On Aug 20, 2009, at 3:24 PM, Ralph Castain wrote:

> Okay - try r21858.
>
> Ralph
>
> On Aug 20, 2009, at 12:36 PM, Greg Watson wrote:
>
>> Hi Ralph,
>>
>> Cool!
>>
>> Regarding the scope of the tags, I never really thought about
>> output from the command itself. I propose that any output that
>> can't otherwise be classified be sent using the appropriate
>> <stdout> or <stderr> tags with no "rank" attribute.
>>
>> Cheers,
>> Greg
>>
>> On Aug 20, 2009, at 1:52 PM, Ralph Castain wrote:
>>
>>> Hi Greg
>>>
>>> I can catch most of these and will do so as they flow through a
>>> single code path. However, there are places sprinkled throughout
>>> the code where people directly output warning and error info -
>>> these will be more problematic and represent a degree of change
>>> that is probably outside the comfort zone for the 1.3 series.
>>>
>>> After talking with Jeff about it, we propose that I make the
>>> simple change that will catch messages like those below. For the
>>> broader problem, we believe that some discussion with you about
>>> the degree of granularity exposed through the xml output might
>>> help define the overall solution. For example, can we just label
>>> all stderr messages with <stderr></stderr> tags, or do you need
>>> more detailed tagging (e.g., rank, file, line, etc.)?
>>>
>>> That discussion can occur later - for now, I'll catch these. Will
>>> let you know when it is ready to test!
>>>
>>> Ralph
>>>
>>> On Aug 20, 2009, at 11:16 AM, Greg Watson wrote:
>>>
>>>> Ralph,
>>>>
>>>> One more thing.
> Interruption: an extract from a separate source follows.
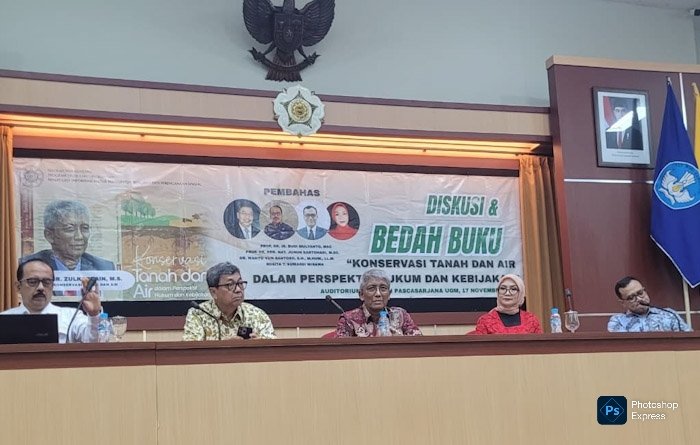YOGYAKARTA, Wawasannews.com – Program Studi Magister Ilmu Lingkungan, Sekolah Pascasarjana Universitas Gadjah Mada (UGM), menggelar Bedah Buku “Konservasi Tanah dan Air dalam Perspektif Hukum dan Kebijakan” pada Senin, 17 November 2025.

Even with XML enabled, I notice that some error
>>>> messages are still sent to stderr without XML tags (see below.)
>>>> Any chance these could be sent to stdout wrapped in <stderr></
>>>> stderr> tags?
>>>>
>>>> Thanks,
>>>> Greg
>>>>
>>>> $ mpirun -mca orte_show_resolved_nodenames 1 -xml -display-map -
>>>> np 1 ./pop pop_in
>>>> <mpirun>
>>>> <map>
>>>> <host name="4pcnuggets" slots="1" max_slots="0">
>>>> <process rank="0"/>
>>>> </host>
>>>> </map>
>>>> --------------------------------------------------------------------------
>>>> MPI_ABORT was invoked on rank 0 in communicator MPI_COMM_WORLD
>>>> with errorcode 0.
>>>>
>>>> NOTE: invoking MPI_ABORT causes Open MPI to kill all MPI processes.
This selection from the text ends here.